Description

This is a study guide to help you prepare for the exam. While it aims to be comprehensive, it is not guaranteed to cover every topic that may appear on the exam. It is important to review all of your notes and the course materials.

Questions

Identify the premises of this sequent: ¬(A ↔︎ C), B ∨ D, ¬D ⊢ ¬(A → E) (question id 05_pl_setup_23)
Identify which rule is used in the following: M ∧ N ⊢ M (question id 05_pl_proofs_firstfour_17)
Identify which rule is used in the following: ¬A, B ⊢ ¬A ∧ B (question id 05_pl_proofs_firstfour_35)
Identify which rule is used in the following: ¬D → E, ¬D ⊢ E (question id 05_pl_proofs_firstfour_71)
Identify which rule is used in the following: Assume S ∧ U, derive T in the subproof, and finally derive (S ∧ U) → T from the subproof starting with S ∧ U and ending with T (question id 05_pl_proofs_firstfour_118)
Identify which rule is used in the following: ¬P ∧ Q ⊢ ¬P (question id 05_pl_proofs_intelim_23)
Identify which rule is used in the following: P, Q ⊢ P ∧ Q (question id 05_pl_proofs_intelim_53)
Identify which rule is used in the following: P → ¬Q, P ⊢ ¬Q (question id 05_pl_proofs_intelim_92)

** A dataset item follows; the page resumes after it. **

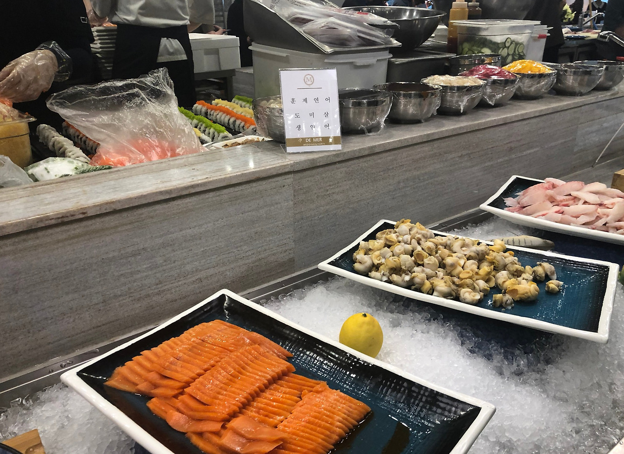 식장은 충분히 보았다. 이제 식장만큼이나 중요한 식당. 사실 부모님이 드메르를 추천한 이유가 드메르의 음식이었다. (드메르 광고 아닙니다..) 음식 가짓수도 많고 대체로 맛있다는 평이었는데. 실제로 어떠할지 기대가 되었다.
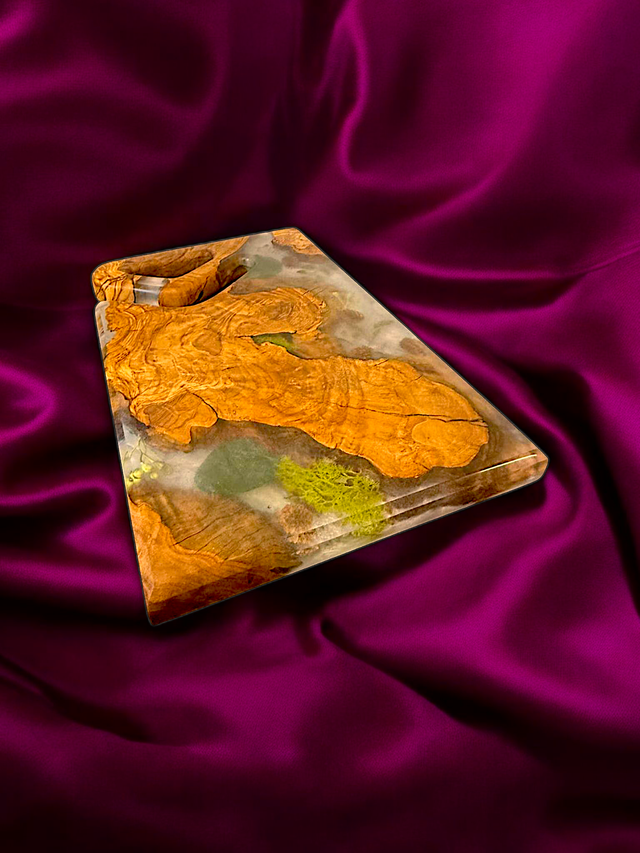Dieses besondere Stück fängt die Schönheit der Natur auf einzigartige Weise ein: Zarte Blätter, feines Moos und kleine Knospen wurden kunstvoll in das Harz eingegossen und verleihen dem Brett eine organische und lebendige Ausstrahlung. Der sorgfältig handgefräste Griff sorgt für eine angenehme Handhabung.

Identify which rule is used in the following: Assume D ∧ F, derive E in the subproof, and finally derive (D ∧ F) → E from the subproof starting with D ∧ F and ending with E (question id 05_pl_proofs_intelim_108)
Identify which rule is used in the following: M ⊢ M (question id 05_pl_proofs_intelim_133)

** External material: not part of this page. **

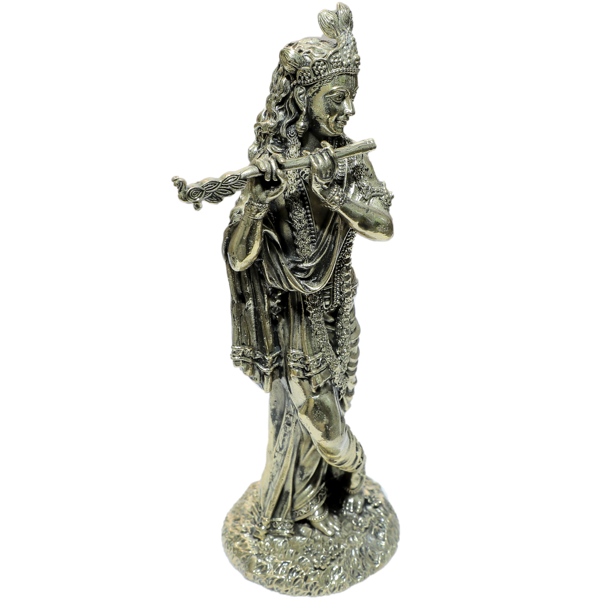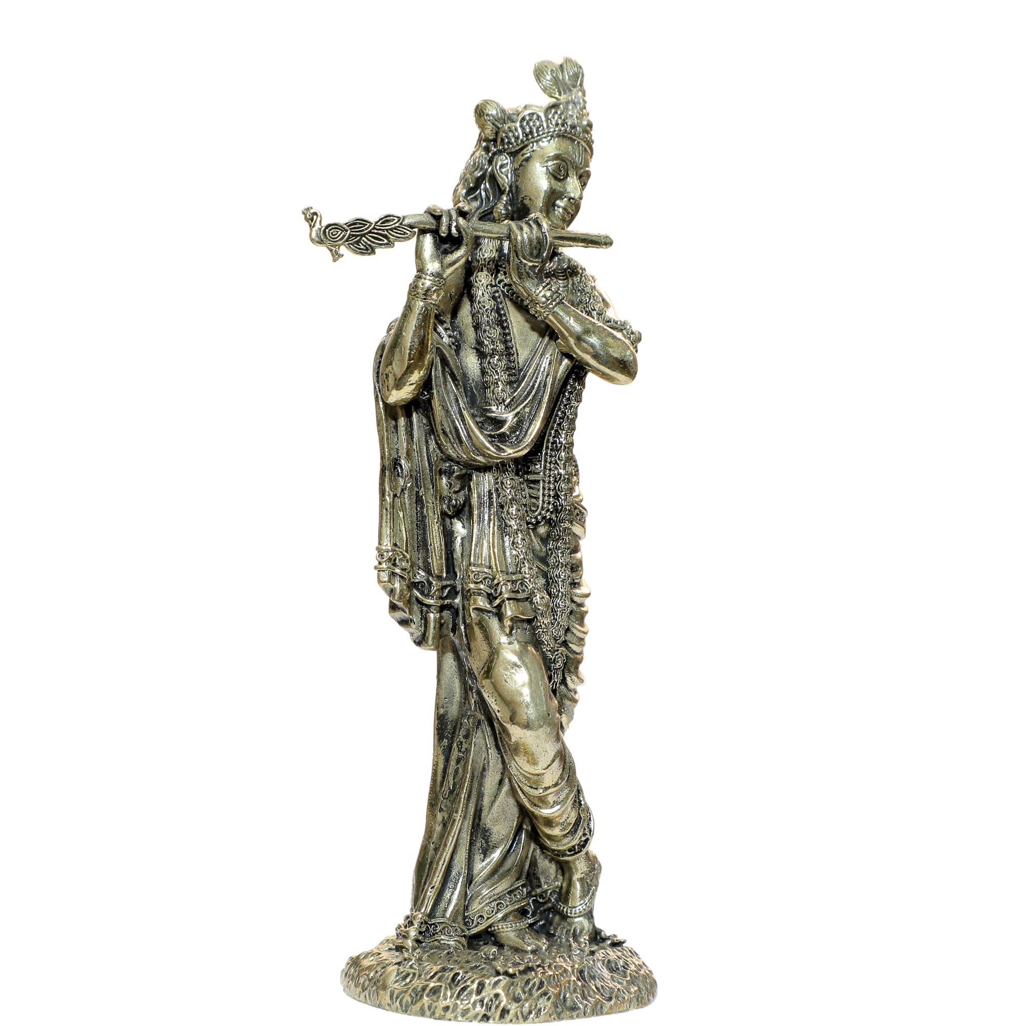 Beautiful Brass Lord Krishna idol in elegant standing posture.

Identify which rule is used in the following: Assume J, derive K and ¬(K). From this subproof, derive ¬(J). (question id 05_pl_proofs_intelim_151)
Identify which rule is used in the following: Assume ¬(M), derive N and ¬(N). From this subproof, derive M. (question id 05_pl_proofs_intelim_169)
Identify which rule is used in the following: ¬A ⊢ ¬A ∨ B (question id 05_pl_proofs_intelim_179)
Identify which rule is used in the following: From S ∨ (T ∧ ¬U), assume S and derive U in the subproof, then separately assume T ∧ ¬U and derive U in that subproof. Finally, finally derive U (question id 05_pl_proofs_intelim_222)
Identify which rule is used in the following: A ↔︎ B, A ⊢ B (question id 05_pl_proofs_intelim_225)
Identify which rule is used in the following: Assume J then derive K. Next, assume K and derive K. From these two subproofs, derive the biconditional J ↔︎ K. (question id 05_pl_proofs_intelim_255)
Identify which rule is used in the following: (P ∨ R) ∧ Q ⊢ P ∨ R (question id 05_pl_proofs_all_24)
Identify which rule is used in the following: ¬S, (T → U) ⊢ ¬S ∧ (T → U) (question id 05_pl_proofs_all_60)
Identify which rule is used in the following: (A ∨ ¬B) → (C ∨ B), (A ∨ ¬B) ⊢ C ∨ B (question id 05_pl_proofs_all_69)
Identify which rule is used in the following: Assume P, derive Q in the subproof, and finally derive P → Q from the subproof starting with P and ending with Q (question id 05_pl_proofs_all_115)
Identify which rule is used in the following: ¬S ⊢ ¬S (question id 05_pl_proofs_all_140)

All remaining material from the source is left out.